Daniel Wallach, INRA - National Institute of Agronomic Research, Castanet Tolosan, FRANCE
It is common practice to calibrate crop models. This involves estimating some of the model parameters in order to give a better fit of the model to data.  The purpose of this presentation is to propose a statistical treatment of crop model calibration, which has not previously been done and is important in order to better understand the properties of the calibrated model. The major difficulty is proposing a realistic statistical description of model error. Our approach is to begin with a statistical model of error for the underlying process equations. Those are in general fairly simple, so it is reasonable to assume that they conform to standard simple regression assumptions. We then show that a crop model, made up of coupled process equations, does not satisfy the same assumptions. In statistical terms, the crop model is “misspecified”.  We then concentrate on the consequences of misspecification.

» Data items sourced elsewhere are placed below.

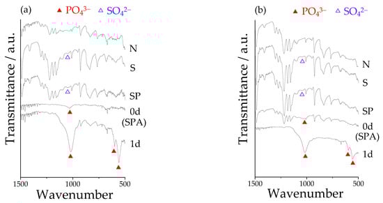 FT-IR spectra on the surface of Samples N: untreated PEEKs, S: sulfuric acid-treated PEEKs, SP: sulfuric acid + oxygen plasma-treated PEEKs, and SPA: sulfuric acid + oxygen plasma + modified-SBF-treated PEEKs before (denoted as “0d”) and after immersion in SBF for 1 day (denoted as “1d”) for (a) pure PEEK and (b) 50C-PEEK.
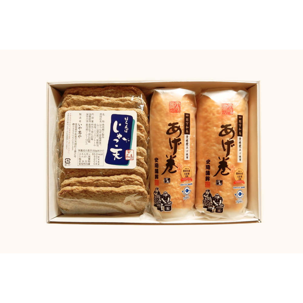 当店1番人気のじゃこ天と、愛媛県南予地方の特産品でかまぼこ1番人気のあげ巻を詰め合わせ。
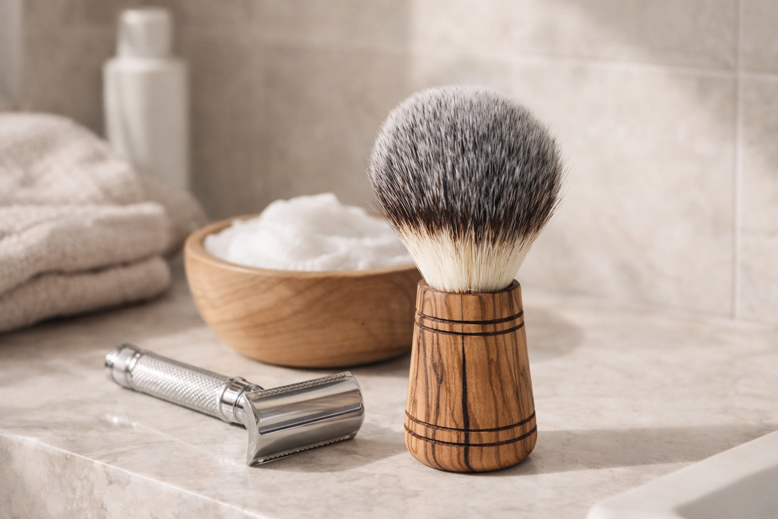Veganer Rasierpinsel aus Olivenholz
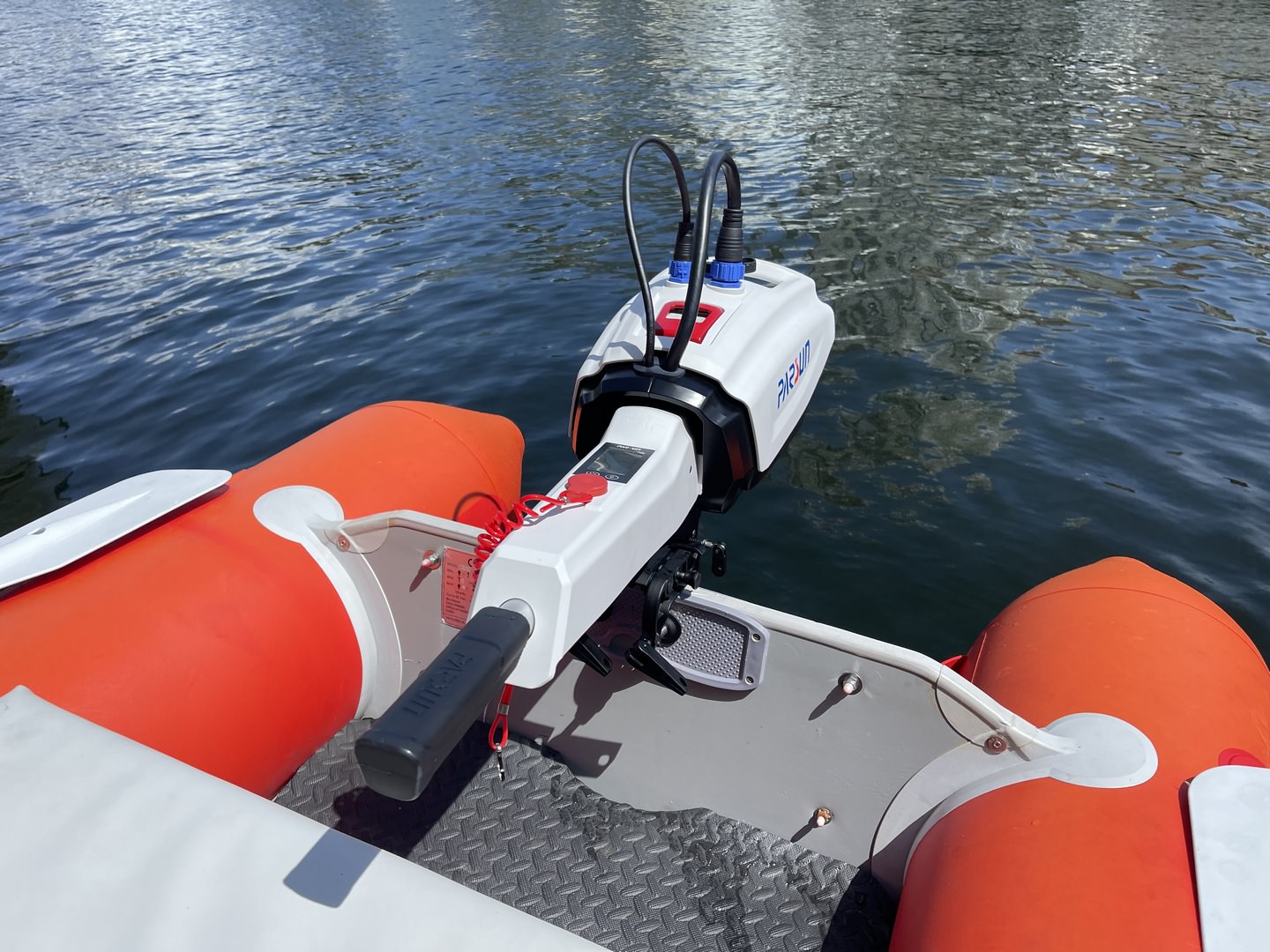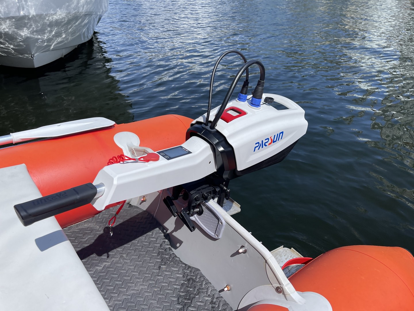 This is a portable 3HP electric outboard motor made for dinghies, inflatable boats, and KaBoats. It features a 1440Wh large integrated lithium battery for longer range. The outboard and battery are detachable and packaged independently, taking up minimal space and easy to transport.
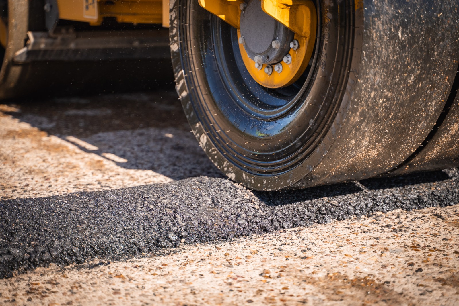 El material se colocó por fajas, con distribución controlada y posterior compactación mecánica mediante rodillo neumático y equipos manuales, lo que asegura una correcta adherencia sobre el pavimento existente y una terminación uniforme.
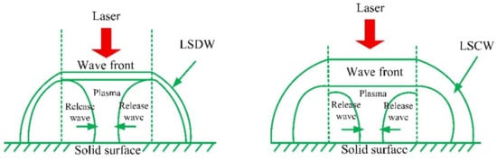 In the irradiation of a strong pulsed laser, which will lead to the partial heating and ionization of metallic materials or alloys, then the further heating and ionization of metallic materials or alloys will occur by means of the transportation mechanism such as heat conduction and thermal radiation. At this time, the laser-supported combustion waves (LSCW) are formed. Subsequently, partial lasers still pass through the plasma volume and act on the surface of metallic materials or alloys, the radiation of plasma that is near the LSP region will be helpful to enhance the thermal coupling of laser and metallic target, that will lead to the formation of laser-supported detonation waves (LSDW), which can absorb the laser pulse energy completely [10,34,35,36,37]. The structure diagram of LSCW and LSDW is shown in Figure 3 [1].

A first consequence is that the calibrated parameters do not tend toward the true parameter values of the process equations, even in the limit of very large amounts of data. Thus, calibration cannot in general be used to recover the true underlying parameter values. A second consequence is that calibration using some particular output variable will improve prediction quality for that output variable,  but need not improve prediction quality for other output variables. Thus there is no assurance that calibration will improve prediction of variables that are calculated by the crop model but which have not been measured.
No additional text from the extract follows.